Совсем иная Тина медленно встала с пола и повернулась ко мне: оборванное, грязное, окровавленное создание - выглядевшее, слава Богу, странно бесполым - создание, которое вытирало нос и губы остатками блузки, елозило грязными ладонями по белым панталонам и не обращало никакого внимания на свою растерзанную одежду. Не избитая хорошенькая женщина, еще сохраняющая известную заботу о внешности, а раненый, загнанный зверь, глядящий только на охотника.
- Болван! - выдохнула она. - Чего ты добился? - Она быстро отступила к окну. Занавеска с шорохом взлетела.
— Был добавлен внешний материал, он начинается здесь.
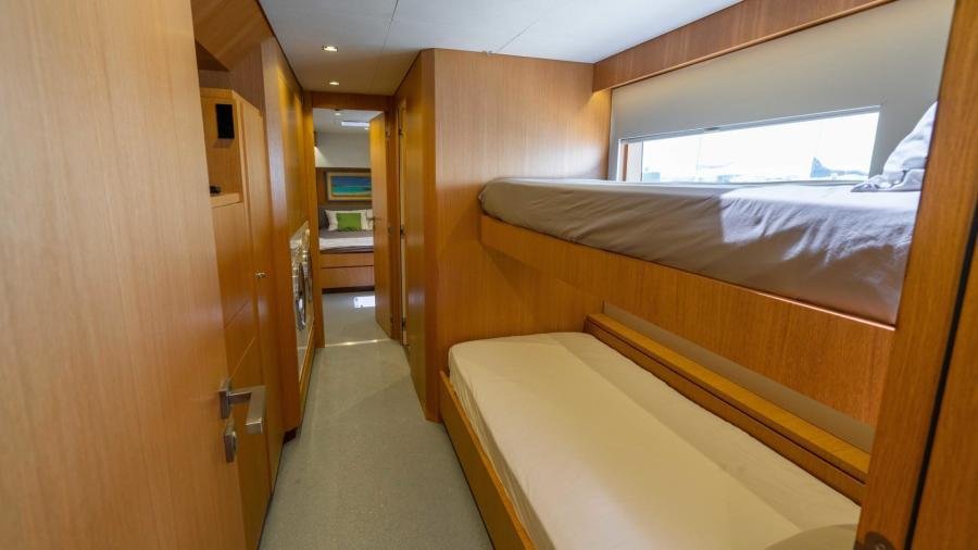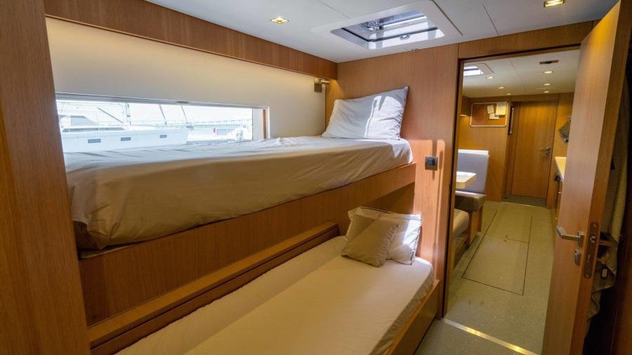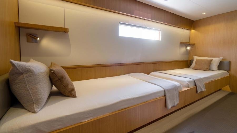 The port hull accommodates the owner’s bathroom, a children’s cabin with 3 beds, together with a guest cabin aft. The aft section of the starboard hull accommodates the 4th guest cabin. The forward section is dedicated to the crew with the captain’s cabin, a double cabin, and large galley with crew mess.

Тина развернулась, люто зыркнула на меня: - Вот! Лорис уходит! Я предупреждала! Теперь уже поздно. Делай со мною, что хочешь, уже поздно!
Я осклабился, взял с кровати бумажный пакет и швырнул Тине.
- Разверни.
В ее глазах мелькнули испуг и недоумение. Она подошла к постели, положила пакет, сорвала бумагу и не обнаружила ничего, кроме норок на сатиновой подкладке. Посмотрела на меня, осторожно расправила пелеринку - и замерла. Внутри лежал громадный револьвер Лориса. Глянцевый мех вокруг испачкался полузасохшей кровью. Револьвер казался опасным уродливым животным, хищником, обгадившим собственное логово.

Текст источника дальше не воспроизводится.